### INFORMATION PROVIDED
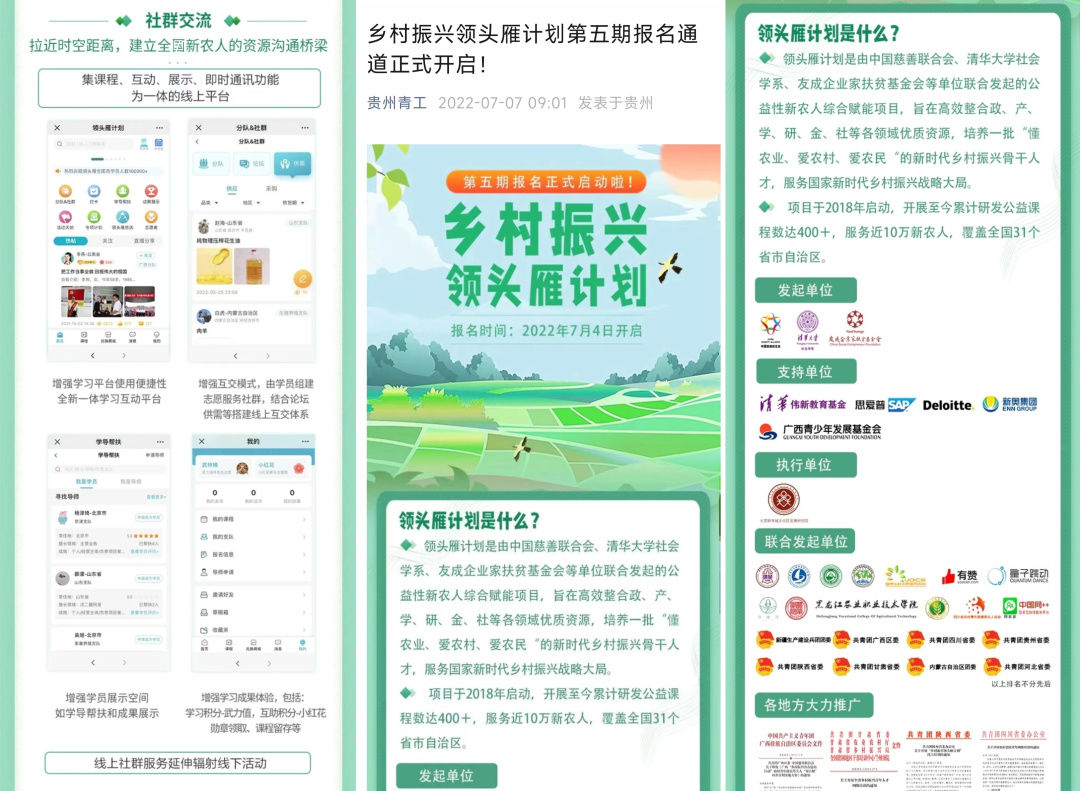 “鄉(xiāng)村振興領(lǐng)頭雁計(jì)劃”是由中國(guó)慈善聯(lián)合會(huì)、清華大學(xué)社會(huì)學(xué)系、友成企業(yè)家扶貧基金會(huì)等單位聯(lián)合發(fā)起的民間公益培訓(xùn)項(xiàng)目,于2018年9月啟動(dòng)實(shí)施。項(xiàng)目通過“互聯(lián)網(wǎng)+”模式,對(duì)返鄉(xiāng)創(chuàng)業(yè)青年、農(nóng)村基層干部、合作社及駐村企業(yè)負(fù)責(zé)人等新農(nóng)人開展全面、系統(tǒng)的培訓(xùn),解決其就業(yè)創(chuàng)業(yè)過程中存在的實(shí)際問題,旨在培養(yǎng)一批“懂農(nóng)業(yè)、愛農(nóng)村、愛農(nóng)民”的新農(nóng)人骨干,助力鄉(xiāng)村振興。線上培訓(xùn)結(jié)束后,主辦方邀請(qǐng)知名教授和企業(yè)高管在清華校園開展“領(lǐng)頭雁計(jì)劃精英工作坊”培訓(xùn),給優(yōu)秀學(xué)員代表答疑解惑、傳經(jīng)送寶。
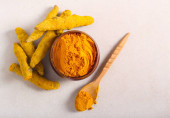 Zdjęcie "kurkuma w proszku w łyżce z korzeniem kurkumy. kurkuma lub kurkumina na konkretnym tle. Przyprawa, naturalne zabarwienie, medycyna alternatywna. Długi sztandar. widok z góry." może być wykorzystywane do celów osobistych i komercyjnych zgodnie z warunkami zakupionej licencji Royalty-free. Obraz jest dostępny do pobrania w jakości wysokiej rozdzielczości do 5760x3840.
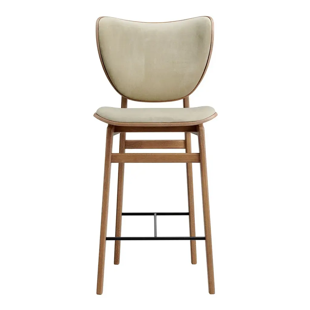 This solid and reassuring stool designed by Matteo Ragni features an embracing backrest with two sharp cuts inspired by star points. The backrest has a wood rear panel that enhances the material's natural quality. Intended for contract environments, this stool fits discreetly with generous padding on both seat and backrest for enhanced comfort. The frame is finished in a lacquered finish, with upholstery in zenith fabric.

### TASK REQUIREMENTS
Your task is to set down each line above verbatim while excluding the pictures.

### ANSWER SPACE
 “鄉(xiāng)村振興領(lǐng)頭雁計(jì)劃”是由中國(guó)慈善聯(lián)合會(huì)、清華大學(xué)社會(huì)學(xué)系、友成企業(yè)家扶貧基金會(huì)等單位聯(lián)合發(fā)起的民間公益培訓(xùn)項(xiàng)目,于2018年9月啟動(dòng)實(shí)施。項(xiàng)目通過“互聯(lián)網(wǎng)+”模式,對(duì)返鄉(xiāng)創(chuàng)業(yè)青年、農(nóng)村基層干部、合作社及駐村企業(yè)負(fù)責(zé)人等新農(nóng)人開展全面、系統(tǒng)的培訓(xùn),解決其就業(yè)創(chuàng)業(yè)過程中存在的實(shí)際問題,旨在培養(yǎng)一批“懂農(nóng)業(yè)、愛農(nóng)村、愛農(nóng)民”的新農(nóng)人骨干,助力鄉(xiāng)村振興。線上培訓(xùn)結(jié)束后,主辦方邀請(qǐng)知名教授和企業(yè)高管在清華校園開展“領(lǐng)頭雁計(jì)劃精英工作坊”培訓(xùn),給優(yōu)秀學(xué)員代表答疑解惑、傳經(jīng)送寶。
 Zdjęcie "kurkuma w proszku w łyżce z korzeniem kurkumy. kurkuma lub kurkumina na konkretnym tle. Przyprawa, naturalne zabarwienie, medycyna alternatywna. Długi sztandar. widok z góry." może być wykorzystywane do celów osobistych i komercyjnych zgodnie z warunkami zakupionej licencji Royalty-free. Obraz jest dostępny do pobrania w jakości wysokiej rozdzielczości do 5760x3840.
 This solid and reassuring stool designed by Matteo Ragni features an embracing backrest with two sharp cuts inspired by star points. The backrest has a wood rear panel that enhances the material's natural quality. Intended for contract environments, this stool fits discreetly with generous padding on both seat and backrest for enhanced comfort. The frame is finished in a lacquered finish, with upholstery in zenith fabric.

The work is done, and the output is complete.